Un personaggio in tutti i sensi, che fu fondamentale per il lancio del ciclismo in Toscana e fiorentino in particolare. Pietro Linari, alternò la strada alla pista, cementandosi come ciclista totale, anche se eccellente nelle peculiarità delle discipline veloci. Atleta longevo, a quaranta anni fu capace di giungere secondo nel Campionato Italiano della velocità, nonché giramondo, soprattutto per seguire il circuito delle Sei Giorni. Alto e robusto con due spalle da culturista e la capigliatura folta, tanto coraggioso quanto cordiale e simpatico, Linari, a cui il nomignolo di “Pietrino”, sembrava inadeguato a tracciarne la descrizione visiva e le linee comportamentali, fu un autentico riferimento in ogni sua presenza. E per dare un segno di quanto la bontà e la simpatia che lo contraddistinguevano, non significassero remissione, si può citare un episodio tra i più belli e significativi del personaggio. Nel corso di una manifestazione su pista a Parigi, si ritrovò a dover fare i conti coi fratelli Pelissier, i quali, quando gareggiavano in Francia, si sentivano dei padroni a cui tutto doveva essere concesso. Pietrino, che verso i soprusi provava idiosincrasia, sceso di bicicletta, si diresse verso Francis Pelissier e lo prese per il petto attaccandolo all’impalcatura del palchetto dei giudici, ed il corridore transalpino, prima ancora dell’arrivo degli aiuti, si dimostrò velocemente disponibile a ravvedersi sull’oggetto della sua superbia. Linari però, era tutt’altro che muscoli e cervello di cemento. Di lui si ricordano le letture e le frequentazioni assidue, quando era lontano dalle corse, dei celebri ritrovi intellettuali di Firenze, nonché la sua grande capacità di raccontare dei suoi viaggi e delle esperienze ad essi legate. Era pure un istrione mica male, anzi, uno che oggi, con la sete di personaggi che ha il ciclismo, sarebbe un toccasana.
Ciclisticamente, come detto, Linari era un velocista cresciuto su pista, dove già a meno di 20 anni, si mostrò seigiornista di vaglia. Alla strada e al professionismo sugli ancora non sopraggiunti asfalti, arrivò tardi, a 25 anni, debuttando al Giro di Lombardia del 1921, dove si piazzò 23°. L’anno dopo, ingaggiato dalla Legnano, imparò a tenere abbastanza le salite e a darsi compiutamente ad un ciclismo che stava raggiungendo le intensità popolari della pista.

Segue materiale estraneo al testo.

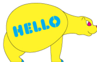
ベア<メッセージタイプ>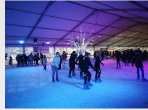
Soirée animée par un DJ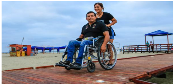
Figura 2. Playa accesibles localizada en Las Palmas – Cantón Esmeraldas

En la provincia de Esmeraldas, se ha desarrollado ya el proyecto de “Playas Accesible” financiado por el Municipio del cantón como una respuesta a las necesidades de personas con discapacidad y movilidad reducida, de acceder de manera independiente y sin limitaciones al disfrute de un espacio natural. En el marco de este proyecto, se prevé la adquisición de equipos para la implementación del “Balneario Accesible”.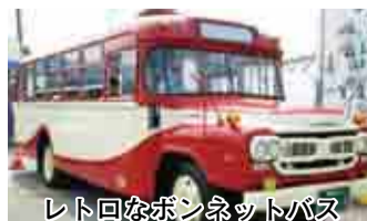
レトロなボンネットバス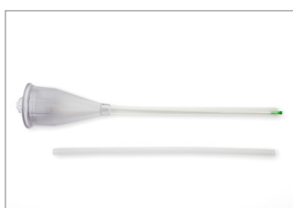
Höftrevisionsmunstycke (Ftalatfri PVC)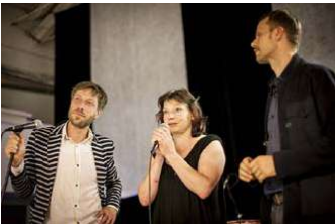
Zahájení festivalu - Jatka 78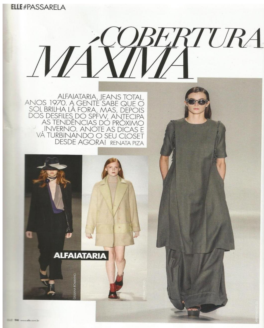
Figura 26: ELLE #passarela

ELLE traz para esta seção uma das tendências que será referência durante o inverno brasileiro. Intitulada de “cobertura máxima”, a revista apresenta diversas maneiras de usar um dos itens que mais apareceram nos desfiles que foram os casacos e tricôs. Entretanto, ela apresenta outras peças, como por exemplo, o vestido, produzido com tecidos que garantam esta cobertura, como uma alternativa ou peça-chave para a estação.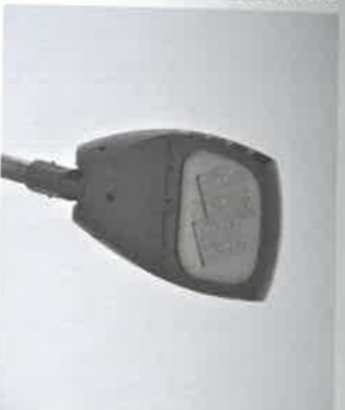
První etapa modernizace svítidel proběhla v Kosmonosech.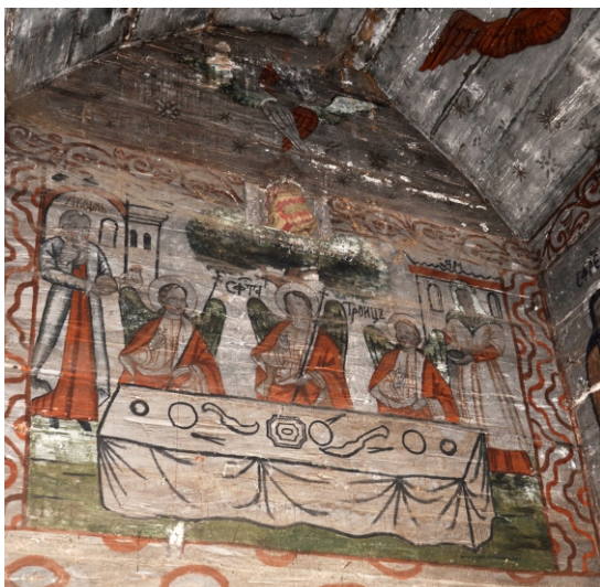
Serafim Sfânta Treime la Mamvri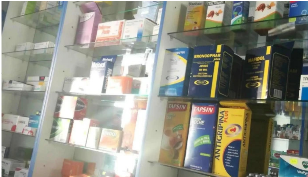
Botica aml farma opiniones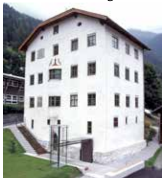
Turmmuseum in Oetz

Am Freitag den 27. Jänner 2023 lud der Museumsverein zusammen mit dem Seniorenbund Ortsgruppe Reutte zu einem Halbtagesausflug ins Ötztal ein. Ziel war das Turmmuseum in Oetz wo heuer seit längerer Zeit wieder die historischen Weihnatskrippen der Sammlung Jäger ausgestellt wurden.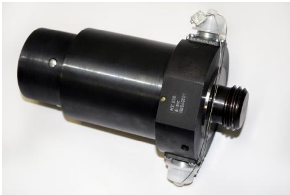
Рисунок 1 - Общий вид датчика НТ 050

Общий вид датчика НТ 050 приведен на рисунке 1, габаритные и установочные размеры – на рисунке 2.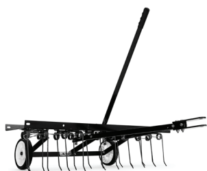
ENTMOOSER 586 63 66-01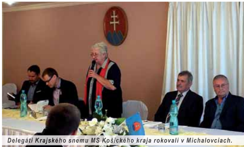
Delegáti Krajského snemu MS Košického kraja rokovali v Michalovciach.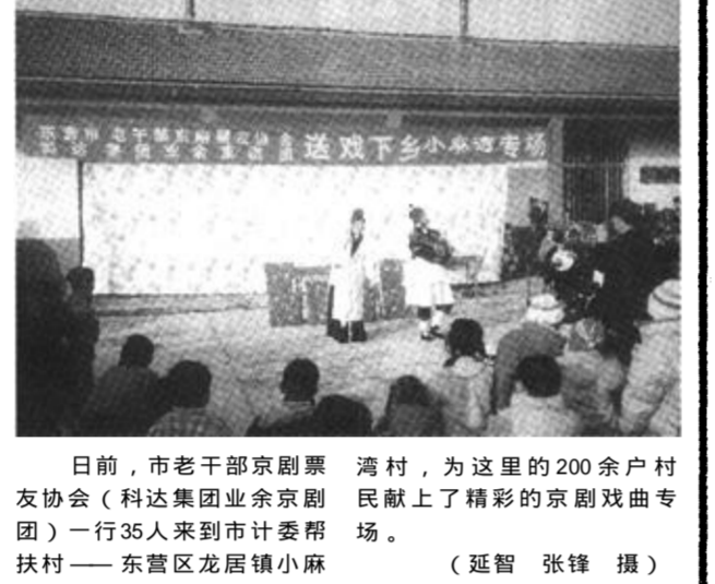
日前,市老干部京剧票友协会(科达集团业余京剧团)一行35人来到市计委帮扶村——东营区龙居镇小麻湾村,为这里的200余户村民献上精彩的京剧戏曲专场。

本报讯 日前,利津县北岭乡台村李胜平来到北岭派出所,将一面写有“人民的保护神”的锦旗送到所长手中,感激之情无以言表。 事情是这样的,11月21日12时许,李胜平的叔叔李庆年老汉在自己家门口遇到一辆白色外地小车,车上下来一个人,热情地与其打招呼,并问这里的玉米、小麦等价格如何,老李问他是哪里,他说是在潍坊外贸运输的,经常外出运粮食、机器零件等到这里,并指着刚从车上下来的另一个说:“这就是我们的孙队长!”好客的老李将他们三人让到家中,经过一番“亲切”地交谈,孙队长要和老李交个朋友,并说以后每次运货路过此地时,都要给老李卸点货,只按半价收款,让其赚点钱。老李喜滋滋的心里暗想:今天可遇“财神”了。临走时,“孙队长”对老李说:我们车上现在还有30盘防水电线,可以给你留下,你只拿2600元钱就行了。”为了与“朋友”做好活今后的生意,老李满口答应后,先将货收下,然后又把家中仅有的2000元钱递给“孙队长”手中。差着的600元,又领着他们到哥哥家借上付清。“孙队长”等三人接过钱便慌忙上车走了。哥哥向弟弟询问了事情的来龙去脉后,觉得事有蹊跷,便立刻向派出所报了警。北岭派出所迅速出击,在几名出租车司机群众的配合下,民警联手在胜利黄河大桥以北将诈骗人员抓获。 经审查,此三人(孙某、赵某、孙某某)均为潍坊市人,以2600元钱卖给老李的防水电线原来是花600元钱在网上买的假电缆,根本就不能用。当老李在派出所接过追回的那2600元现金时,激动得热泪盈眶,感慨万千。(陈建恩)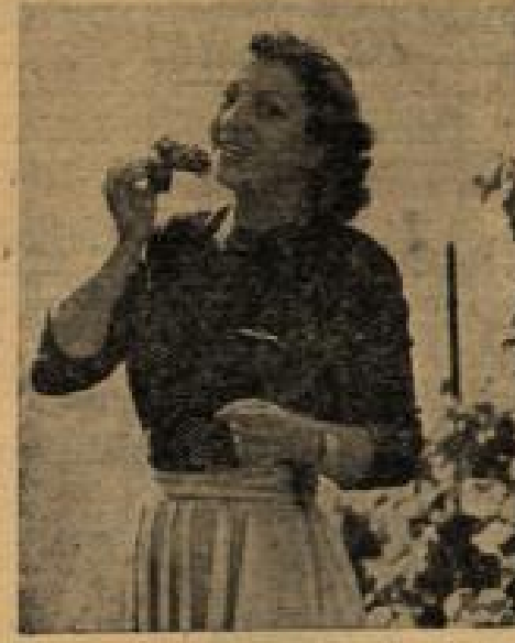
Frühreife Reben in Südwestdeutschland Weinbergreben an Bauernhäusern sind in diesem Jahr teilweise so bald reif wie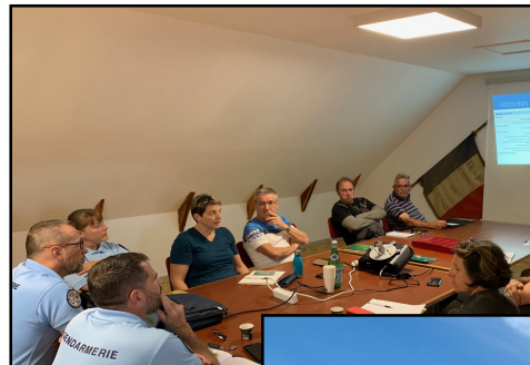
Bilan semestriel avec la gendarmerie et les maires des communes voisines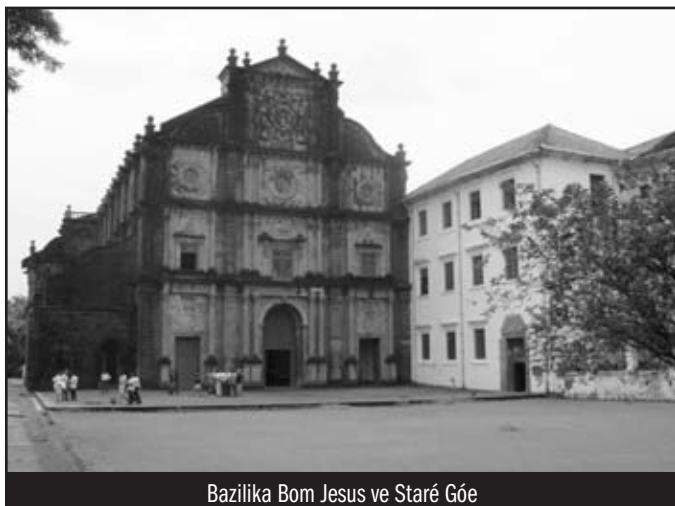
Bazilika Bom Jesus ve Staré Góe

Náboženským centrem Staré Góy je bezesporu bazilika Bom Jesus z roku 1605, která stojí na druhé straně náměstí než katedrála Santa Sé. Roku 1946 se stala první papežskou bazilikou v Indii. V boční lodi vlevo od presbytáře stojí oltář, na jehož vrcholu se nachází stříbrný relikviář s tělem sv. Františka Xaverského. Vlevo za oltářem lze vstoupit do sakristie, kde jsou další památky na světcův život jako jeho stříbrná socha či relikviář s jeho palcem.

Un versante che lo impegnò fino ai 30 anni, in parte in coabitazione con quello, amato, degli anelli. Poi, il ritorno quasi completo verso l’antico amore, per altri dieci anni. Sta di fatto che nei tre lustri passati nell’elite del pedale, il suo nome, fra vittorie e piazzamenti, s’è letto parecchio. Ne sapevano qualcosa, quelli che cercavano in tutte le maniere di evitare di mettersi a confronto con lui in volata. Le sue vittorie più importanti: la Milano-Sanremo del 1924, il Giro dell'Emilia dello stesso anno, la Milano-Modena del 1923, nonché le due tappe del Giro d'Italia, una a Roma nel 1922 e l'altra a Torino nel 1925. Buoni anche i piazzamenti: secondo al Giro di Romagna del 1923 e del 1926, al Lombardia del 1923, al Giro di Toscana del 1924, terzo al Giro di Lombardia del ’24, alla Sanremo del ‘25 e quarto alla Parigi-Roubaix del medesimo anno. Insomma, quanto basta per non considerarlo alla stregua dei velocisti che verranno. In tutte le epoche, infatti, il Giro di Lombardia non è mai stato pane per chi era solo sprint. Su pista, invece, fu Campione Italiano della velocità nel ’29 e vinse, nel suo girovagare per il mondo come seigiornista, le Sei Giorni di New York nel 1926, di Milano nel 1928, di Stoccolma nel 1929 e di Parigi nel 1931.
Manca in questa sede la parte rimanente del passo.